:: Assigned task ::
Print only the lines below, from the very first to the one containing "Субботник в Отыабарске", exactly as they stand. Do not print pictures.

:: Records for this task ::
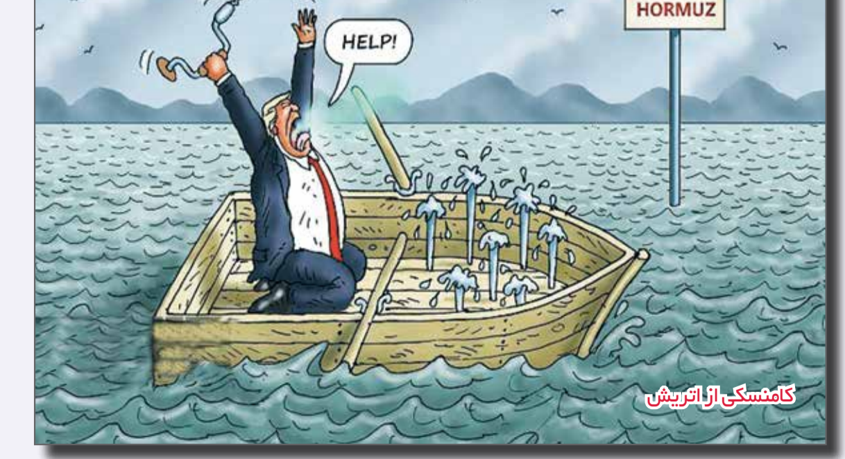
کامنسکی از اتریش
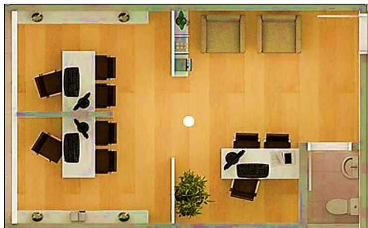
Imagen 6. Plano de distribución de la oficina del departamento de comercio exterior

En este segundo análisis, se presenta en detalle la ubicación de la oficina del departamento de comercio exterior, se dan detalles de adecuación física y obras civiles. La ubicación será en una oficina de 210 m2 los cuales serán distribuidos en dos oficinas, según los requerimientos del departamento, el punto cuenta con servicios públicos como lo son agua, luz, teléfono y gas, de acuerdo con esto también serán ubicados los enseres y equipos de cómputo correspondientes.
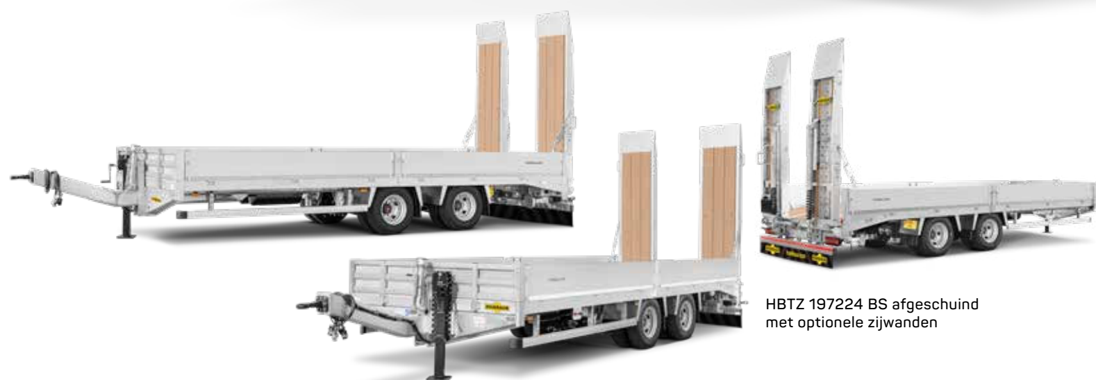
HBTZ 197224 BS afgeschuind met optionele zijwanden
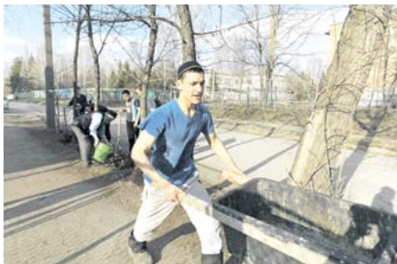
Субботник в Отыабарске

В праздничные дни ЦДУМ России в Уфе, региональные подразделения на местах, редакция газеты «Маглюмат аль-Булгар» организуют коллективные
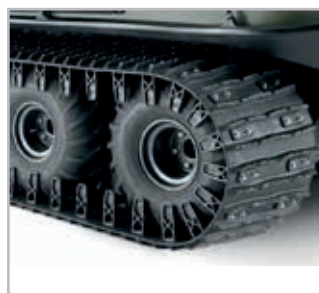
Tracks/Beltes Vnr 825-50-1-NE
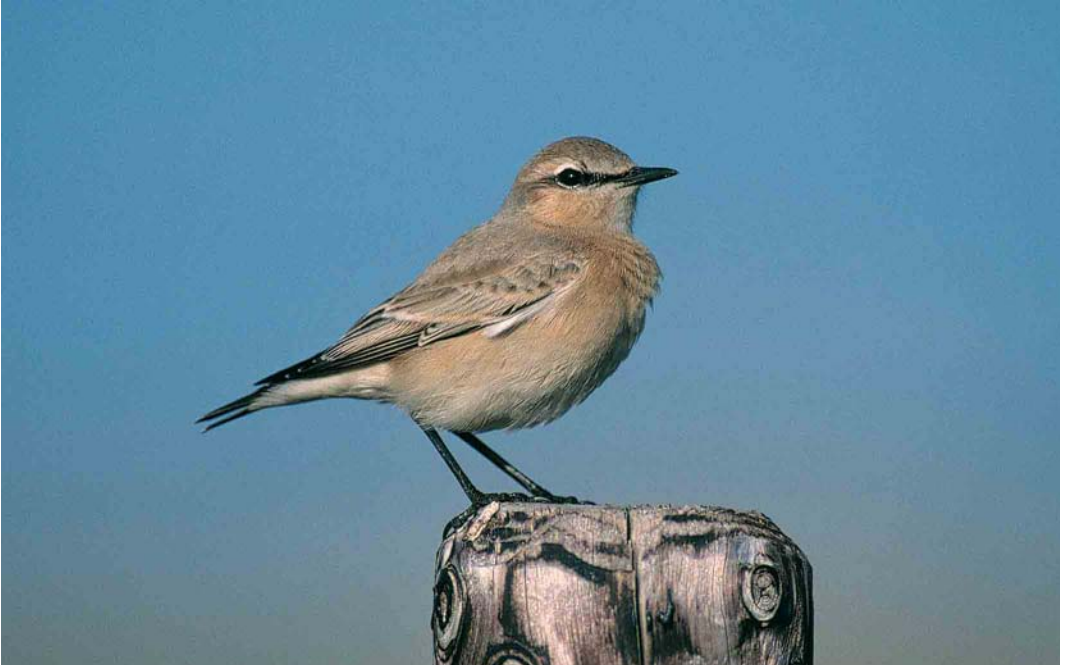
306 Izabeltapuit / Isabelline Wheater Oenanthe isabellina , eerstejaars, IJmuiden, Noord-Holland, 23 september 2000

:: Task answer ::
کامنسکی از اتریش
Imagen 6. Plano de distribución de la oficina del departamento de comercio exterior

En este segundo análisis, se presenta en detalle la ubicación de la oficina del departamento de comercio exterior, se dan detalles de adecuación física y obras civiles. La ubicación será en una oficina de 210 m2 los cuales serán distribuidos en dos oficinas, según los requerimientos del departamento, el punto cuenta con servicios públicos como lo son agua, luz, teléfono y gas, de acuerdo con esto también serán ubicados los enseres y equipos de cómputo correspondientes.
HBTZ 197224 BS afgeschuind met optionele zijwanden
Субботник в Отыабарске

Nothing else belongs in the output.